Матвей Степанович с каждым днем становился все неразговорчивее, даже прибаутки, которыми он сыпал, как сыплет зерна курам в курятнике добрая хозяйка, стали звучать реже – голос его, до этого зычный и сильный, как-то изменился, стал каким-то шипящим и фразы отрывистыми, как будто язык реагировал на тоску, захлестнувшую этого человека, безусловно когда-то очень решительного и удачливого, и, глядя на него, Косой дивился, как меняет безысходность и одиночество – в последние дни стал и с ним Матвей Степанович неразговорчив. И вдруг все изменилось, после свидания с взрослым сыном, от первого брака, как пояснил Матвей Степанович, приехавшего к нему издалека на краткосрочное свидание и привезшего «передачку», голос у Матвея Степановича сразу как-то окреп, да и сам он повеселел, как-то сразу будто «обновился», ушла куда-то его шаркающая походка, даже покашливать он стал реже… Откуда это пришло в человека? Почему? Может, то, что не забыли его, встряхнуло…

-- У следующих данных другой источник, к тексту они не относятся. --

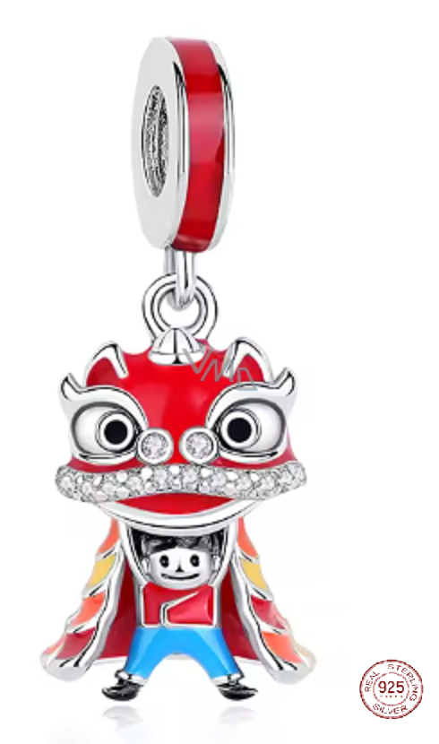Charm Sterlingové stříbro 925 Čínský dračí tanec, Dračí síla – Talisman odvahy a štěstí, přívěsek na náramek cestování
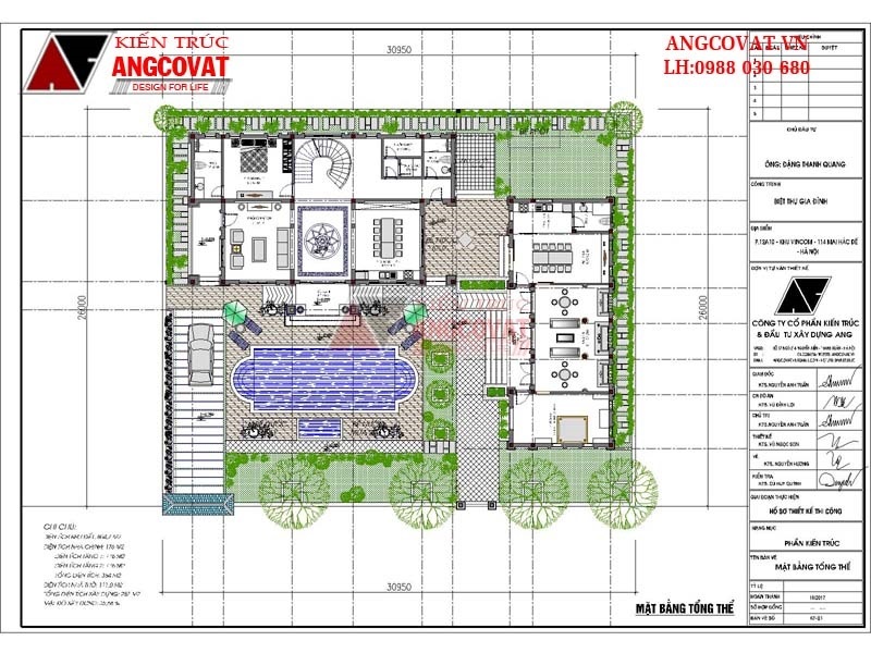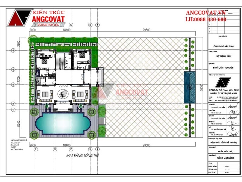 Mặt bằng tổng thể quy hoạch về mặt định hướng cho sân vườn công trình nhà biệt thự 2 tầng có hồ bơi kết hợp cả nhà thờ
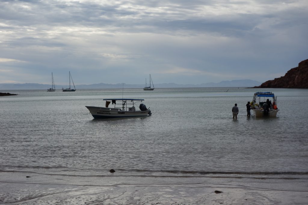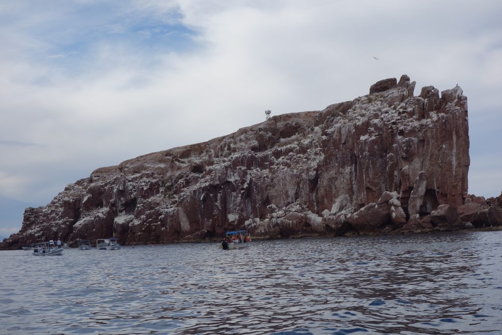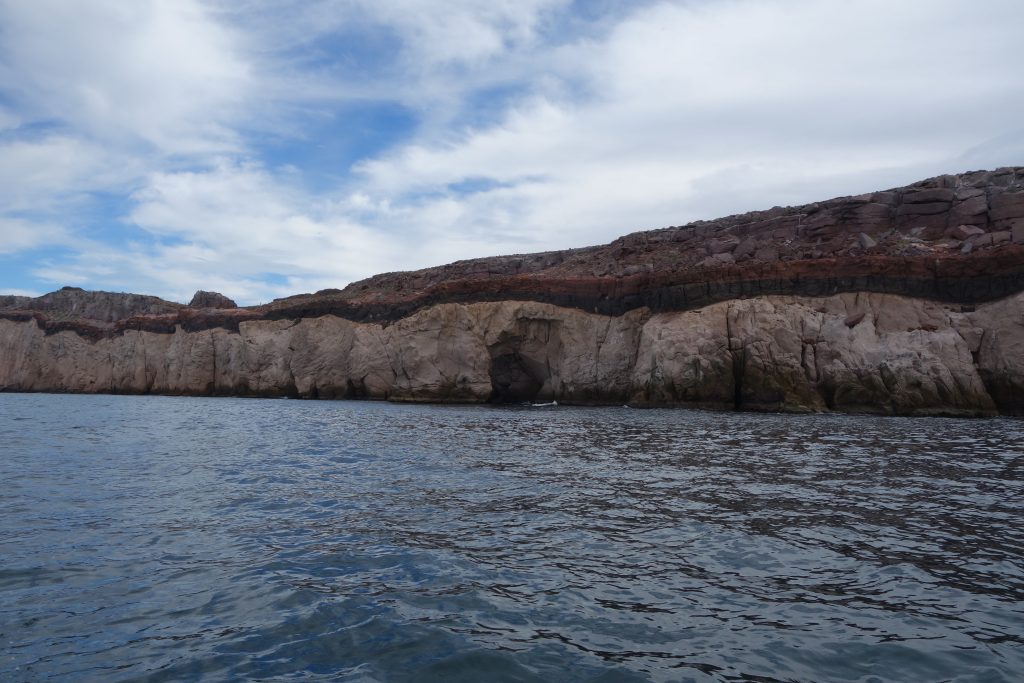 The next day we decided to break the piggy bank and splurge on a boat trip out to Espiritu Santo, one of the must see items for visitors to this part of Baja. Espiritu Santo is a UNESCO World Heritage string of mountainous islands off the coast which feature great secluded beaches, dramatic rocky coastlines and high cliffs with colourful layers of strata running through them. Our target was to snorkel with sea lions and have lunch on a private beach. That sounded pretty good.

В этот день начальник отряда был точно нахохлившийся воробей, грустный и усталый, – видать, приближающаяся зима тоже его не радовала, стал он придирчив. Вот тут-то и Косой попался ему на глаза, и стал начальник отряда его по привычке отчитывать, «строить», как он выражался, в общем-то из-за пустяка, не понравился ему внешний вид Косого, который и вправду как-то осунулся, и телогрейка на нем уже висела, на его худом теле, как на вешалке.

– Что у вас за вид, Кривцов! – отчитывал зэка начальник отряда, выведя из строя больных.

Проводил он эту свою «воспитательную работу» возле жилого помещения, «на ветерке», как он выражался, чтобы «мозги проветрить». Косой молчал, чувствуя, что дело может закончиться штрафным изолятором – а это, как ни крути, совсем ему было не надо, – если вдруг он начнет что-то перечить в ответ.

Матвей Степанович вдруг негромко сказал:

– Гражданин капитан, ну вы же знаете, что Кривцов тяжело болен, а рассуждаете о его телогрейке, как будто это главное в его жизни. Ведь неплохо бы его поддержать.

– Что! Что?! – еще «в раже», в своих воспитательных задачах, еще до конца не поняв слов, обращенных к нему, произнес начальник отряда и очень внимательно поглядел на высокого худого зэка, привезенного на «больничку» совсем недавно. Он еще к нему как следует не присмотрелся, не раскусил, так сказать, но сами слова были сказаны таким назидательным тоном, что капитан даже затих от удивления. – Вы тоже неопрятно выглядите, – как-то к слову сказал капитан и перешел к другой теме.

Косой даже недоуменно покосился на Матвея Степановича и попытался оценить его поведение, но как-то не очень это и получалось.

Чуть позже, когда капитан перестал «воспитывать», подошел к земляку, произнес:

– Спасибо Матвей Степанович.

– Устал я бояться, Косой, – ответил земляк.

Был день, пасмурный и надоедливый. Впереди были какие-то медицинские процедуры. Пошел мелкий дождь. И не было тепла в мире, оно ушло из природы до весны, частички тепла остались только в душах людских.